Integration does not require GCC membership or a single institutional framework. Given Iraq’s ties to Iran, the United States, and Turkey, any integration model must accommodate Baghdad’s sovereignty concerns and multiple alignments. The Qatar model shows this is possible. Bilateral investment, the Development Road, and private-sector engagement can generate the economic linkages usually associated with formal integration. Together, Saudi electricity interconnection projects, UAE involvement in Grand Faw Port, and Qatar’s multi-sector investments are already creating a de facto integration that is reshaping Iraq’s economic geography.
The durability of this integration ultimately depends on decisions made in Baghdad. GCC states engage Iraq because they see economic and strategic value, but this will endure only if Iraq improves governance, protects investment from the militia economy, reduces business costs, and delivers on key infrastructure commitments. In this regard, the ongoing disarmament campaign is a positive signal of the state’s effort to strengthen control over the economy and reflects growing political and societal resistance to continued militant influence, despite concerns over the process itself.
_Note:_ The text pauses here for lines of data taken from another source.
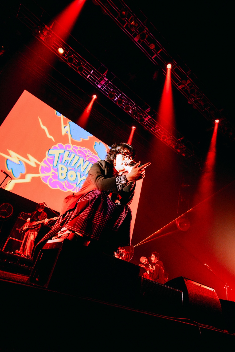 開放感に包まれた会場に、容赦なくガソリンを投下するのがMega Shinnosukeだ。「東京調子どうだい? 楽しくなってきたな!」とアジテートして歌った“Thinking Boyz!!!”は、オーディエンスが歌う《We are the Thinking Boyz!!!》の声が気持ちいい。件の“メロい夢”ではシャボン玉が飛び出し、ファンシーな景色が浮かび上がる。こうしたギミックも大きな会場ならではだろう。爽やかなポップナンバー“君にノーベル賞”を皮切りに、“桃源郷とタクシー”“愛とU”とMega Shinnosuke屈指のヒット曲が続く。そしてTVアニメ『野原ひろし 昼メシの流儀』のオープニング主題歌に抜擢された“ごはん食べヨ”である。狙っているのか狙っていないのかわからないけど、不意にバズを起こしちゃうのがこのソングライターの特性であり、ダンサブルなポップソングは彼の魅力なんだと実感する。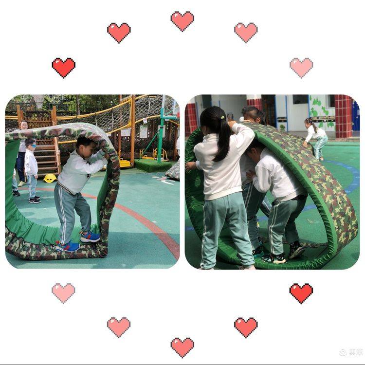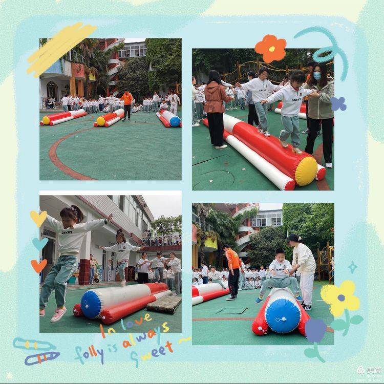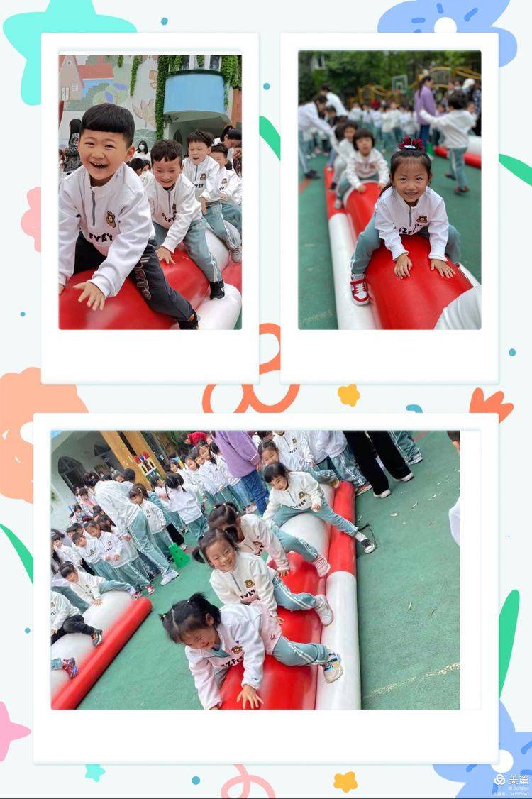 ?♀️比赛正式开始,小班小朋友们进行了“超级特工”“小熊过桥”“赶球入洞”等有趣的项目,看,他们多开心!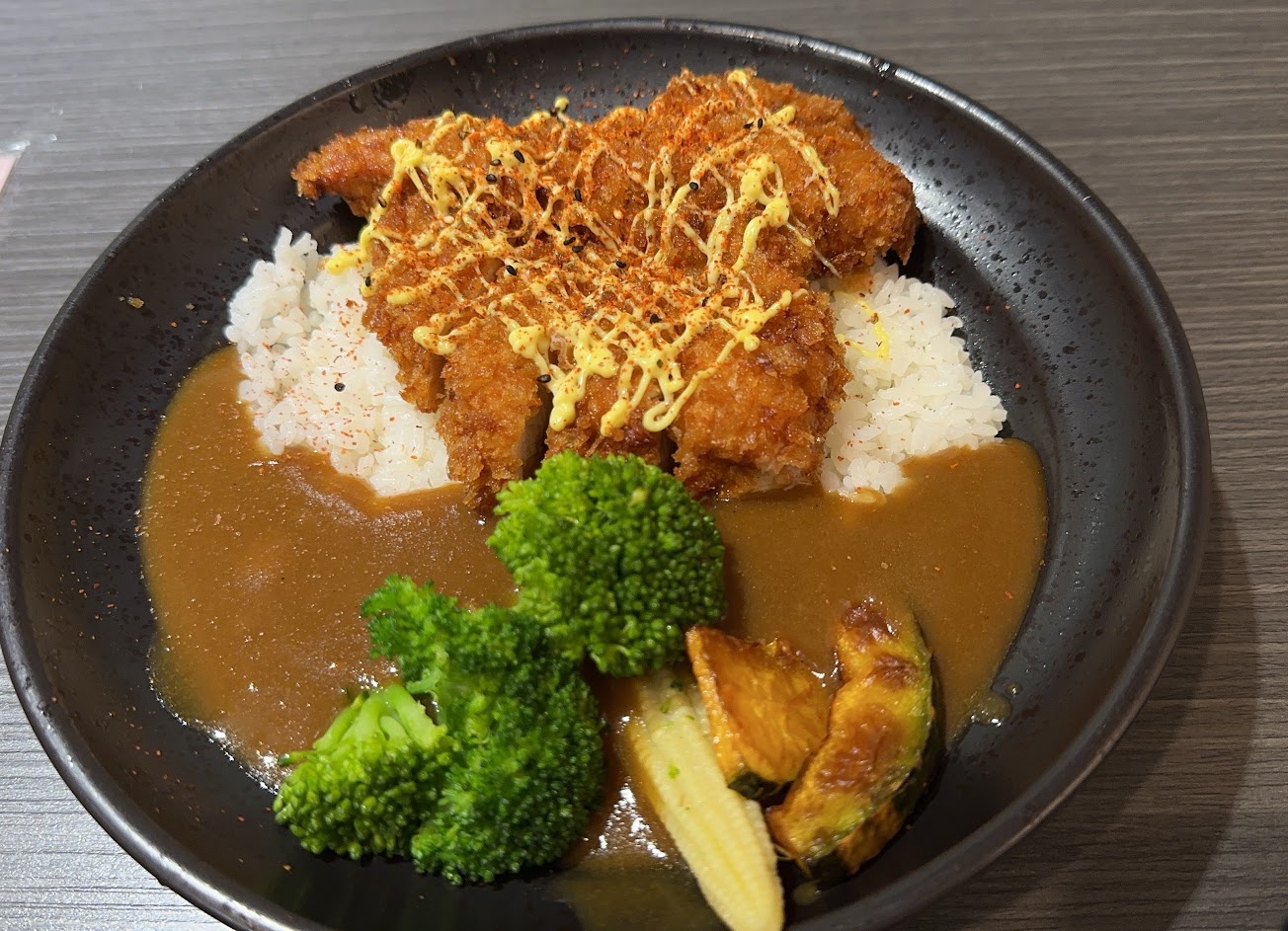 炸豬排厚實不硬柴,和炸蝦的麵衣都炸得酥脆,口感很讚;咖哩醬不錯不會過稀,白醬沒什麼存在感,但怕咖哩吃太膩點雙醬輪流吃是滿好的選擇;胡麻花椰菜份量滿多的,不知道咖哩飯本身就有花椰菜,差點吃不完?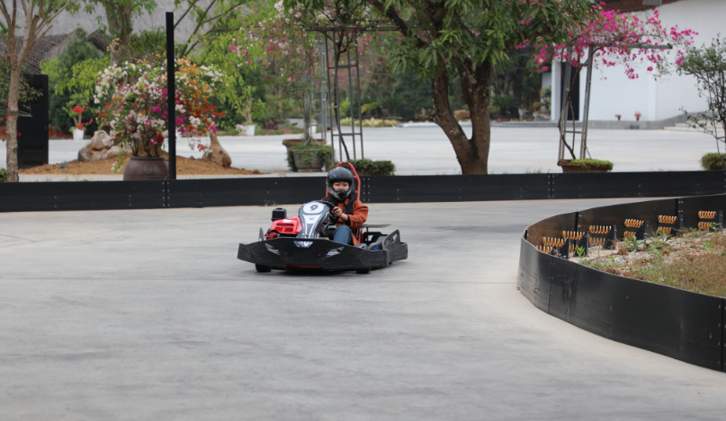 Đường đua F1 Kart Club được xem là một trong những điểm nhấn tại Mộc Châu Island. Dàn “siêu xe” đẳng cấp với tốc độ tối đa lên đến 70km/h cùng sân đua dài mô phỏng đường đua F1 chuyên nghiệp chắc chắn sẽ mang đến trải nghiệm chân thực và trọn vẹn, giúp bạn tự tin “hết ga hết số”. Đường đua này cũng được rất nhiều hội gia đình lựa chọn vì các em nhỏ cũng có thể tham gia với bố mẹ, anh chị em. Trước mỗi lần chơi, bạn sẽ được hướng dẫn cách chơi, đeo đồ bảo hộ để đảm bảo an toàn.

Beyond the existing economic relations, potential industries or markets in Iraq that could be of Qatar’s economic interest include, but are not limited to: renewable energy; digital economy and technological infrastructure; education, research, and career development; and reconstruction and infrastructure [20]. From Baghdad’s perspective, the concentration of Gulf interest is a rare strategic asset. Qatar’s $9 billion commitment [excluding Qatar’s stakes in the TotalEnergies’ project], the UAE’s involvement in Grand Faw Port, Saudi electricity interconnection projects, and the Development Road MoU reflect unprecedented confidence in Iraq’s economic future. Yet this confidence is not unconditional. The key question is not only whether the Gulf is willing to engage, but whether Iraq can provide the governance and operating environment needed to turn investment pledges into lasting economic transformation.
Qatar’s experience suggests the pathway is open. Whether Iraq walks it is a decision that rests with Baghdad, and on whether it can turn a rare moment of Gulf interest into the governance and operating environment that lasting investment requires.
This article will be included in the fourteenth edition of the Iraq Economic Review.